Monday, September 12, 2011

Where's Michele?

Thankfully, the national griefathon is over, at least for this year. The news outlets are filled with recaps of yesterday's events and people's responses to those events, but that was to be expected. Now we get to move on, just in time for the next Republican debate.

Tonight's debate is in Florida, which the pundits are busy telling us is a Very Important State when it comes to the race for president. There will be another debate in that state this month and there are strong hints that the Florida Primary will be held early in 2012, giving us another benchmark for serious Republican candidates to reach for.

Michele Bachmann certainly buys into the importance of Florida, and she has been busy trying to recapture her stature as a candidate, something seriously compromised by the entrance of Rick Perry to the race on the very day of her big victory in Iowa. She didn't do well at the California debate last week, primarily because the moderators focused almost completely on Perry and Mitt Romney as the two real contenders. Michele has her work cut out for her, and she knows it.

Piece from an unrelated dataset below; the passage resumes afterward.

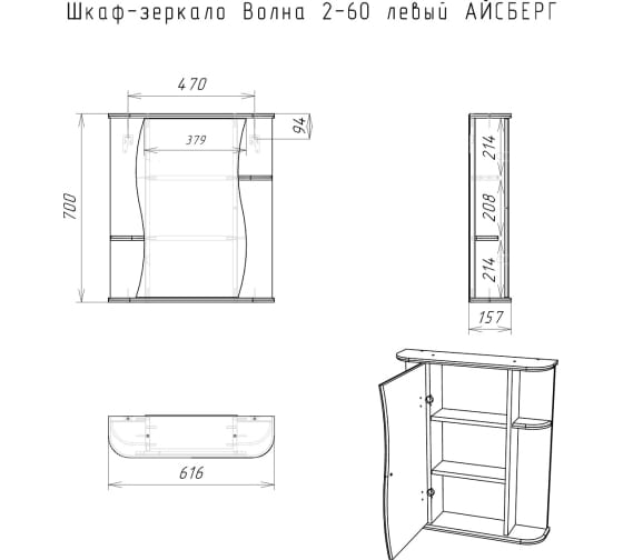 Зеркало-шкаф Волна 2-60 левый АЙСБЕРГ

An article in today's New York Times underscores the difficulties Bachmann is facing, and does so in some rather subtle ways. Here's the first clue:

Mrs. Bachmann won the first important test of the Republican race in a straw poll in Iowa last month, but she has been upstaged ever since by the entrance of Gov. Rick Perry of Texas into the race.

Notice the honorific? It's Mrs. Bachmann, not Ms. Bachmann. That's an interesting style tag, one I've not seen in the past couple of decades. While I do not know this as a fact, I do admit that it is entirely possible that Bachmann has made it clear that she prefers the "traditional" designation for a married woman. She is, after all, in a very traditional marriage, as she herself has noted. Is that something the New York Times editor takes into consideration without comment? Should it be?

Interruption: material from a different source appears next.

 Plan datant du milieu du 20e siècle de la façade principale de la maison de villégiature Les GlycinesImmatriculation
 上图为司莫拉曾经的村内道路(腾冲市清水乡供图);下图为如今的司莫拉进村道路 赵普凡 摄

On a more substantive level, the article notes that even though Bachmann wasn't given much of an opportunity to distinguish herself at last week's debate, when she did have the microphone, she didn't use it to do so. She didn't go on the attack when it came to the positions taken by either Romney or Perry. Her own staff noted that reticence and promised that would change this evening.

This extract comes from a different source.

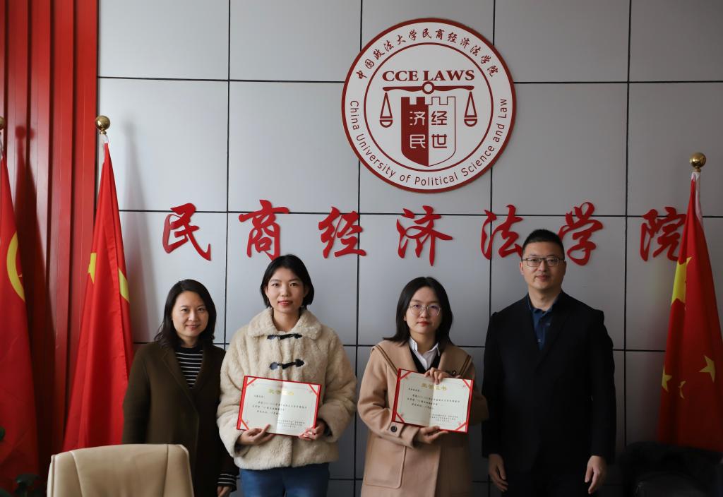 陈莹蓝介绍了本年度“98经法励翔奖学金”评选情况,学院按照公平、公正、公开的原则,认真评选,严格操作,经个人申请、年级初审、学院审核、基金理事会审核、公示等程序,共有10名学生获得本年度“98经法励翔奖学金”。王彤副书记和范世乾老师共同为获奖者颁发了荣誉证书并合影留念。

Her advisers acknowledged that she had a disappointing night Wednesday. She failed to seize opportunities to contrast herself with Mr. Perry, her chief rival for evangelical and Tea Party support, or with Mr. Romney, who at one point said that every candidate deserved to take “a mulligan” or two on bad decisions from the past — a missed opportunity to scold him that presidents do not get mulligans. ...

Mrs. Bachmann’s advisers believe one challenge is that a double-standard applies to female candidates who express aggression. If a man attacks, he is seen as strong. But a woman attacking is perceived as shrill, they say.

And her advisers have a point, one Hillary Clinton would certainly agree with. Women just don't attack. It's unseemly, unladylike. Apparently it still is better to appear weak and lose than to be strong and have a fighting chance at winning. Michele is going to have to overcome that prejudice as well, and, quite frankly, I sincerely hope that she does, starting tonight.

If nothing else, we might have a new epithet in our political lexicon. We'll be able to say that the lady has "brass ovaries."